**TASK TO COMPLETE:** The line containing "而經典早午餐麵包盤內容物有👉歐式麵包.野菜沙拉.歐姆炒蛋.湯品👈" marks the end: copy exactly every line from the start of the records below up to and including it, leaving out pictures.

(GIVEN DATA begins)

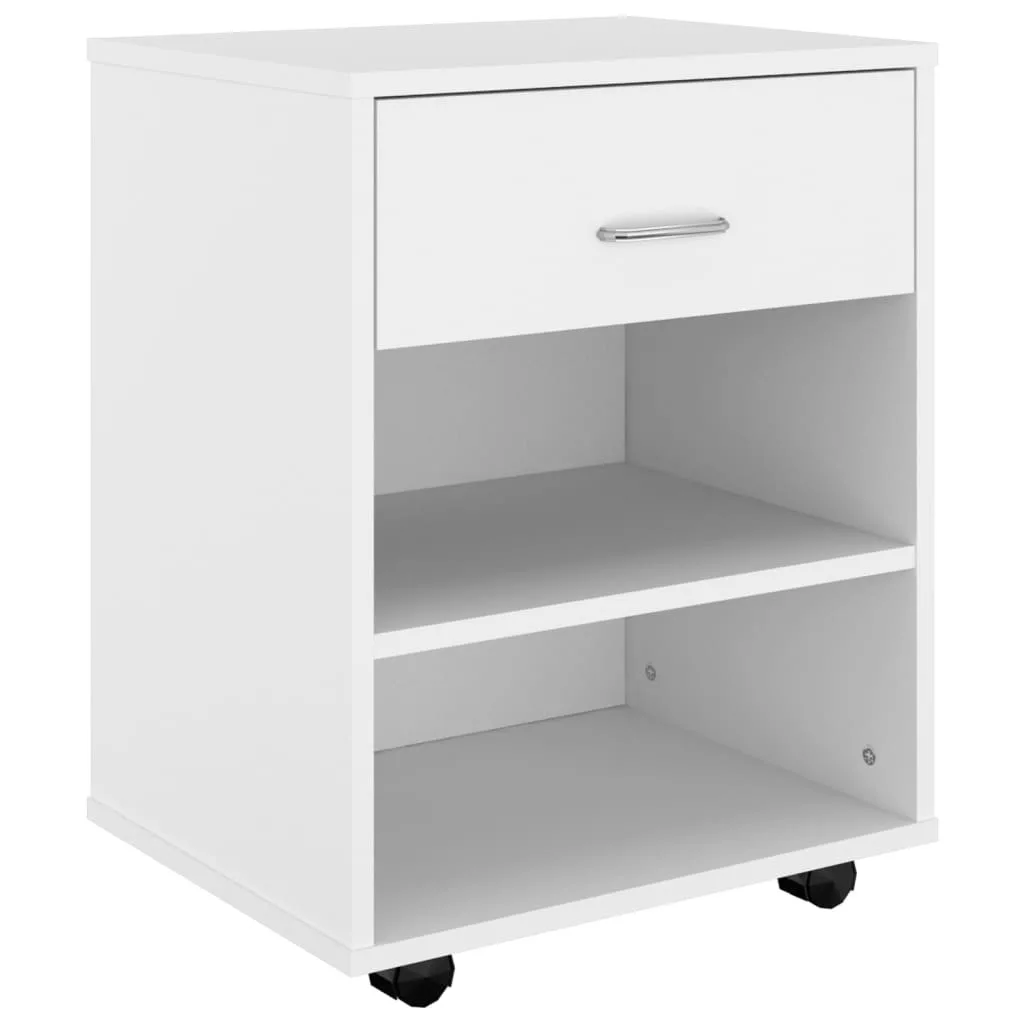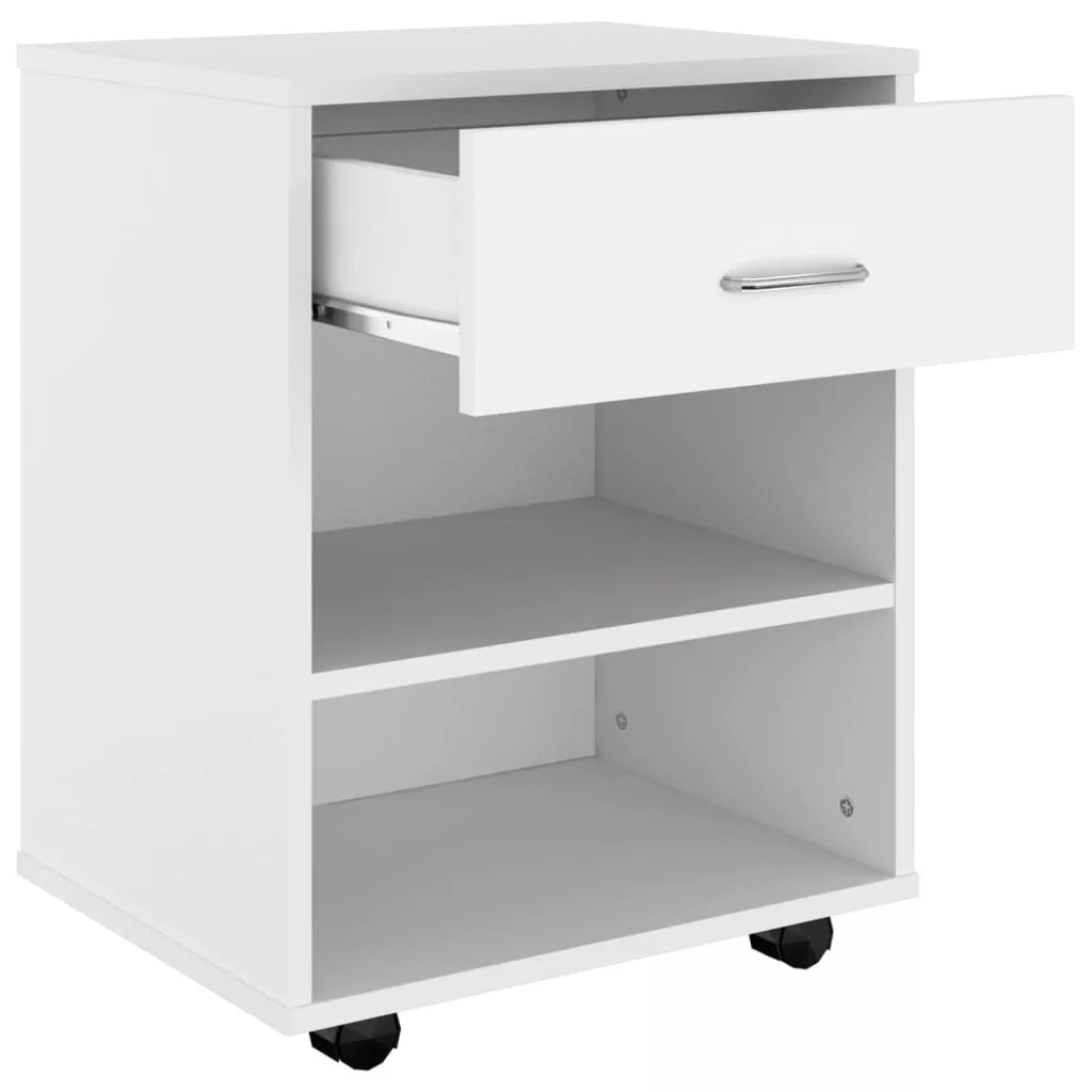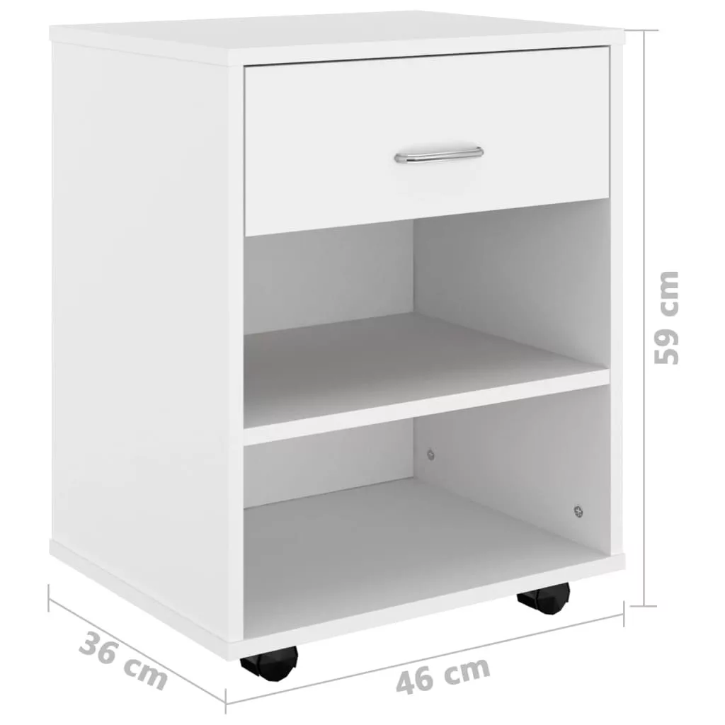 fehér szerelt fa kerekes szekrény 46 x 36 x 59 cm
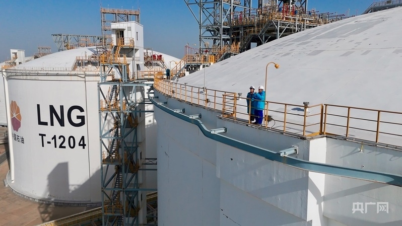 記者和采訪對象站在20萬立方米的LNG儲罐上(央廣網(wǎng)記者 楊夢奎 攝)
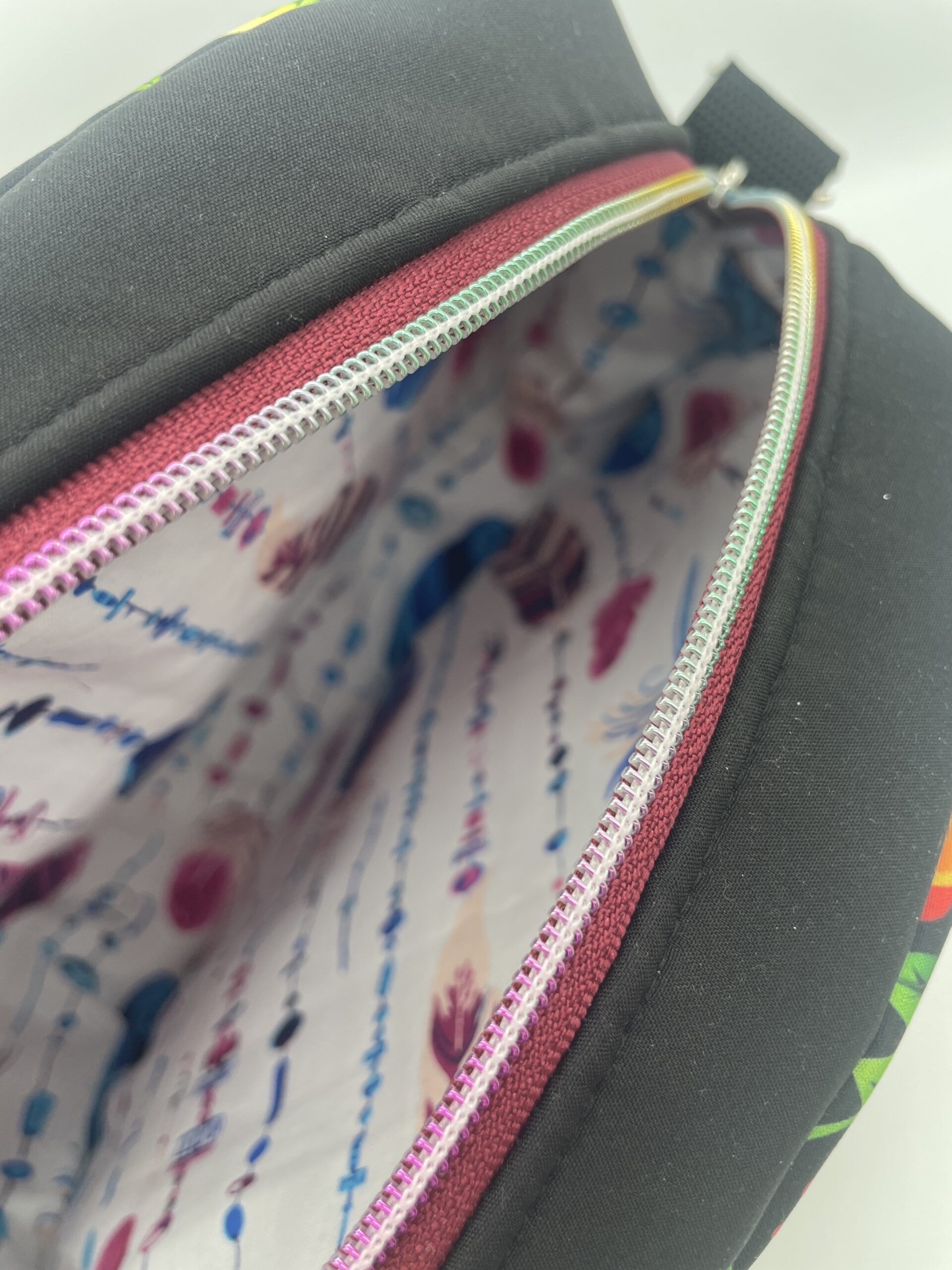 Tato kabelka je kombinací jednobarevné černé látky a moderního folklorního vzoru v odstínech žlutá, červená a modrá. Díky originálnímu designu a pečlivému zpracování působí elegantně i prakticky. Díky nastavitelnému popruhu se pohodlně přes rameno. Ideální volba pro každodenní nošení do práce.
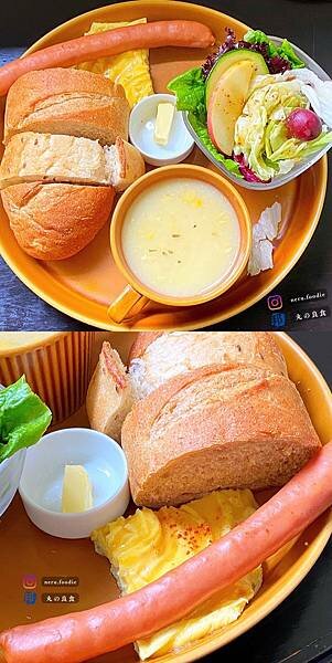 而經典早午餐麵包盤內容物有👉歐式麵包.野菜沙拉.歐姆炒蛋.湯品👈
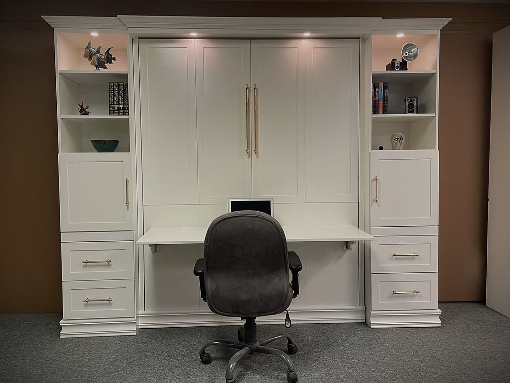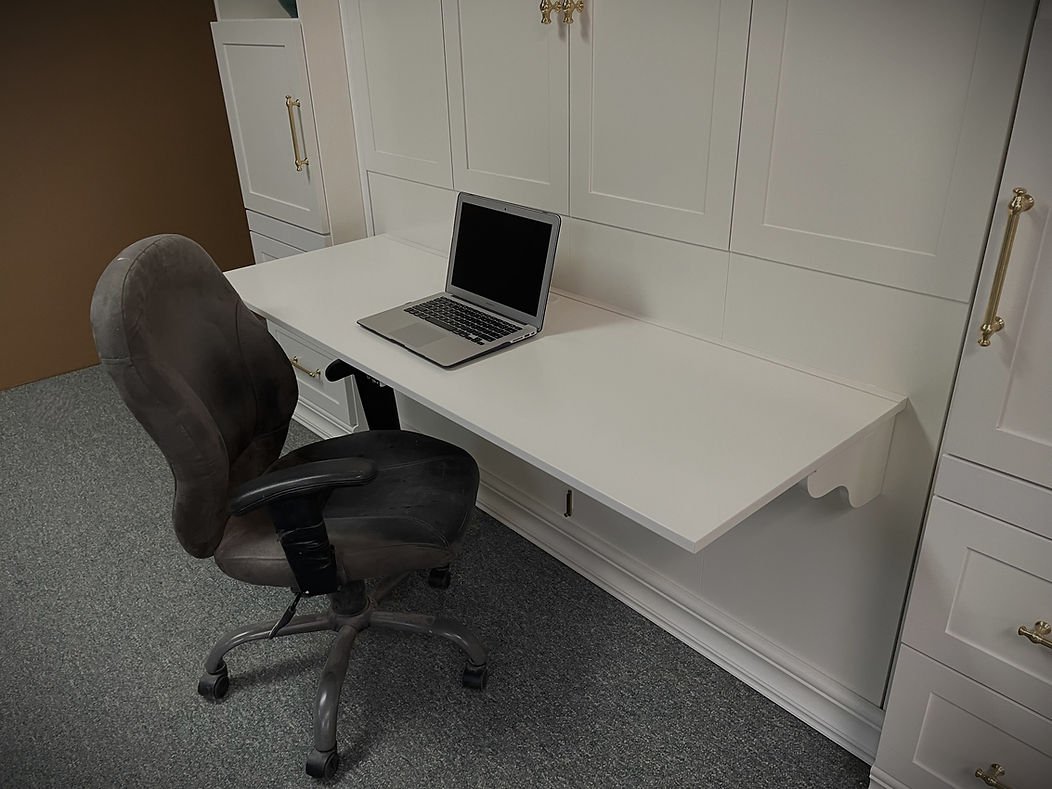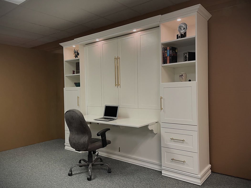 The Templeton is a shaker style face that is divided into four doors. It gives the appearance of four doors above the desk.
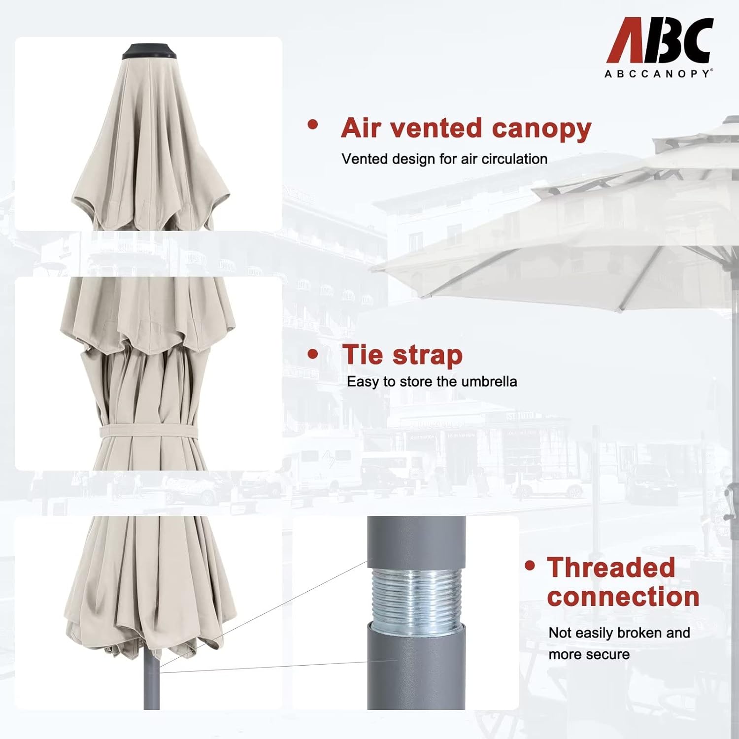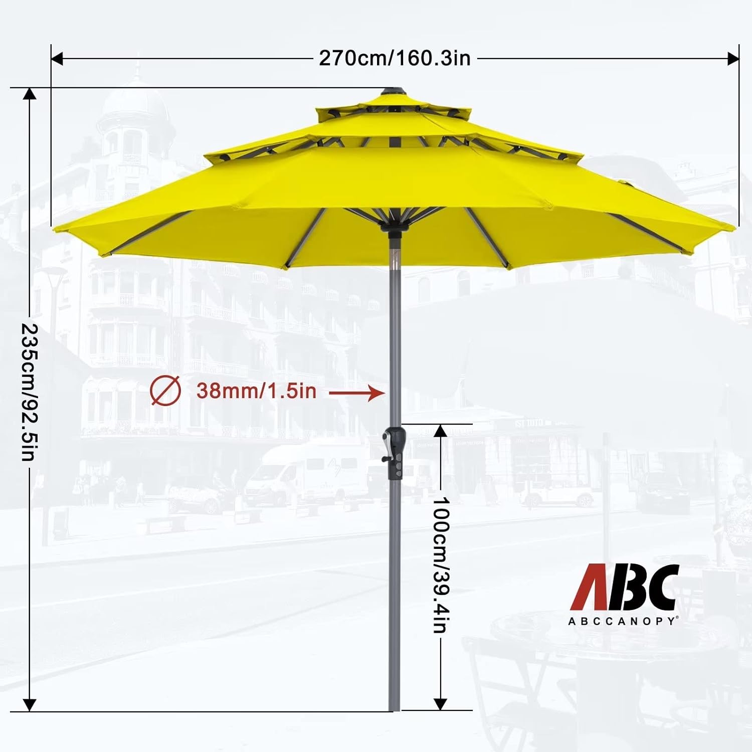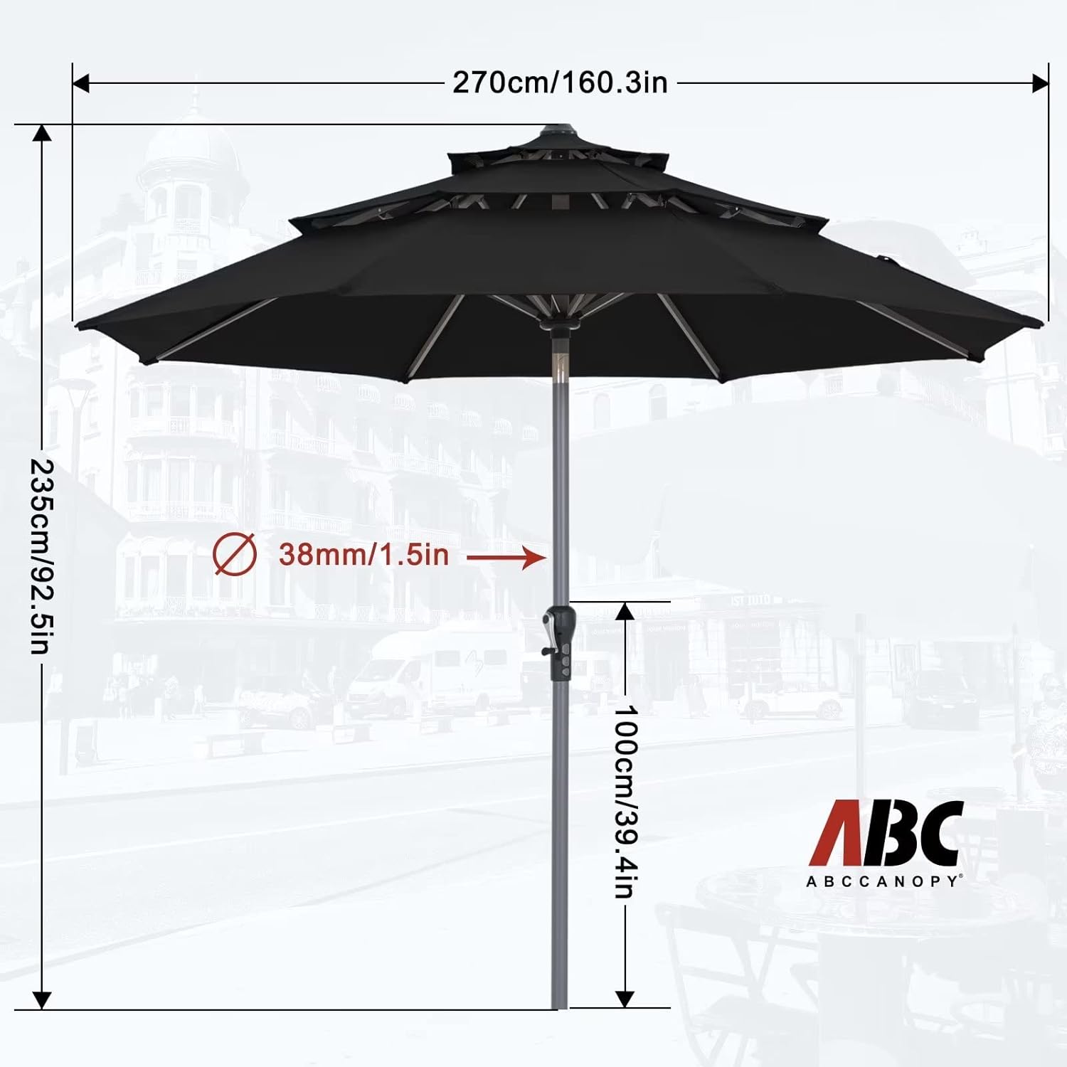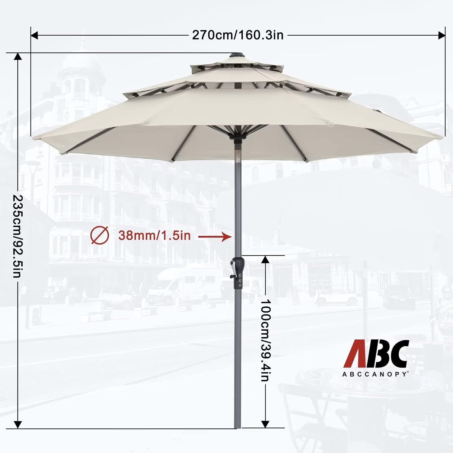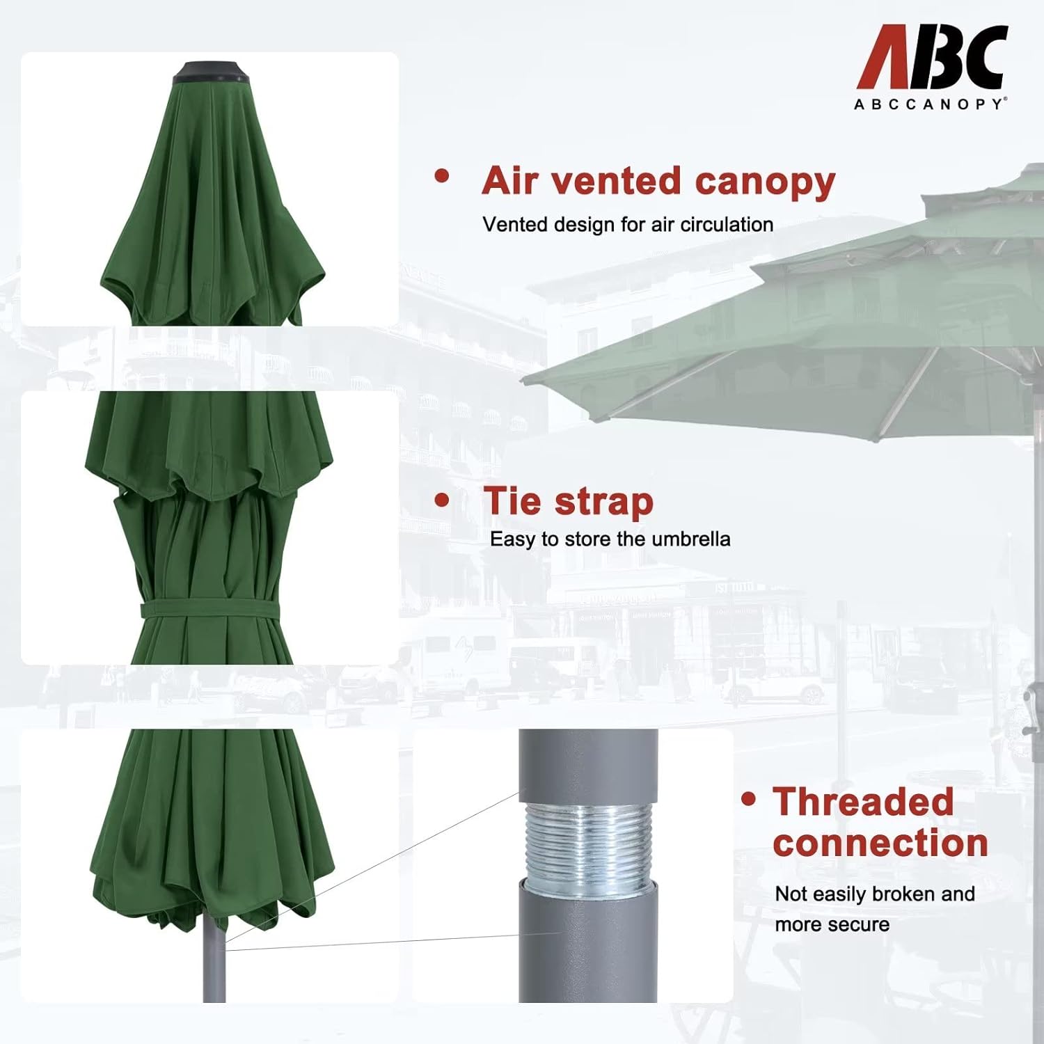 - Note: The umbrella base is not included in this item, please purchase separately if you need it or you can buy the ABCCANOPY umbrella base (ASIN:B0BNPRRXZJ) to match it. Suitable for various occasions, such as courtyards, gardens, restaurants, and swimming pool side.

(GIVEN DATA ends)

**REPLY:**
 fehér szerelt fa kerekes szekrény 46 x 36 x 59 cm
 記者和采訪對象站在20萬立方米的LNG儲罐上(央廣網(wǎng)記者 楊夢奎 攝)
 Tato kabelka je kombinací jednobarevné černé látky a moderního folklorního vzoru v odstínech žlutá, červená a modrá. Díky originálnímu designu a pečlivému zpracování působí elegantně i prakticky. Díky nastavitelnému popruhu se pohodlně přes rameno. Ideální volba pro každodenní nošení do práce.
 而經典早午餐麵包盤內容物有👉歐式麵包.野菜沙拉.歐姆炒蛋.湯品👈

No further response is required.